Source: Why I Stopped Using CTEs Everywhere in SQL by Namratha Shenoy
The Problem with CTEs
CTEs (Common Table Expressions) appear elegant and modular, but in most SQL engines including Spark SQL, they create significant performance issues because they are not physically materialized. They’re only logical aliases, meaning the query inside a CTE is recomputed every time it’s referenced.
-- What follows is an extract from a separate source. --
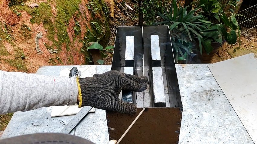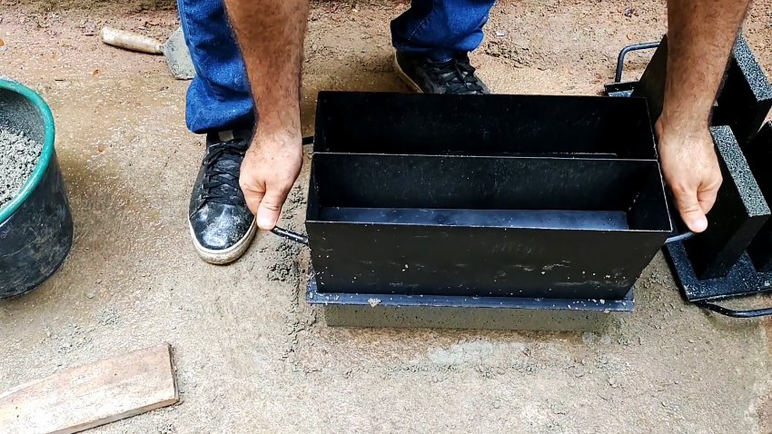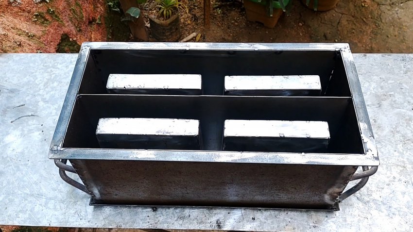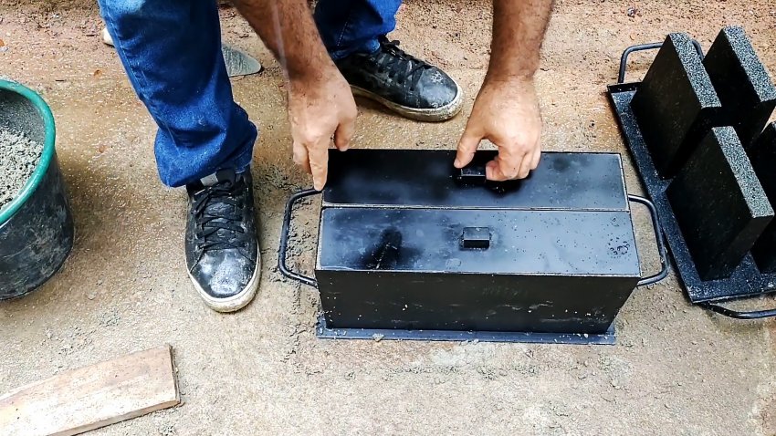 Процесс изготовления формы из металла и формовка с ее помощью блоков на цементе

Why This Hurts Performance
When you reference the same CTE multiple times in a query, Spark re-runs that subquery repeatedly, leading to:
- Increased computation overhead
- Redundant data scanning
- Higher shuffle and I/O costs
Example of problematic pattern:
WITH active_users AS (
SELECT user_id
FROM events
WHERE event_type = 'login'
)
SELECT COUNT(*) FROM active_users; -- computed once
SELECT AVG(session_time) FROM active_users; -- computed again!The active_users CTE executes twice - once for each reference.
Better Alternatives
1. Temporary Views - Logical Breakpoints
Temp views provide the same modularity as CTEs but are reusable across multiple queries in the same session:
CREATE OR REPLACE TEMP VIEW active_users AS
SELECT user_id
FROM events
WHERE event_type = 'login';Characteristics:
- Logical only (not physically stored)
- Reusable across queries in same Spark session
- Perfect for breaking large transformations into steps
- Not cached unless explicitly cached
2. Temporary Tables - Physical Snapshots
For intermediate results that need to persist physically:
CREATE OR REPLACE TEMPORARY TABLE active_users AS
SELECT user_id
FROM events
WHERE event_type = 'login';Use when you need:
- Materialized snapshot to avoid recomputation
- Ability to inspect intermediate data
- Debugging or comparing runs
3. Cache Tables - For High Reuse
When using the same data repeatedly:
CACHE TABLE active_users;Spark stores it in memory (or disk), making subsequent queries significantly faster by skipping recomputation entirely.
Handling Data Changes
Important consideration: If underlying data changes frequently, cached views hold a snapshot and won’t update automatically, leading to stale data.
Solutions:
- Manual refresh:
UNCACHE TABLE active_users;
CACHE TABLE active_users;- Lazy cache with refresh:
CACHE LAZY TABLE active_users;
REFRESH TABLE active_users;- Don’t cache if data changes too frequently - Spark’s optimizer handles recomputation efficiently
Decision Matrix
| Use Case | Recommended Approach | Reason |
|---|---|---|
| Logic clarity & readability | CTEs | Simple, single-use transformations |
| Reusable intermediate layers | Temp Views | Multiple references, same session |
| Physical inspection needed | Temp Tables | Debugging, materialized results |
| Stable, frequently accessed data | Cache Tables | Performance optimization |
| Frequently changing data | No caching | Avoid stale data issues |
Key Takeaway
CTEs are excellent for readability but not for performance in distributed systems. Understanding what gets recomputed, cached, or materialized can save hours of processing time in production pipelines.
Rule of thumb: Use CTEs for logic clarity, not for performance optimization.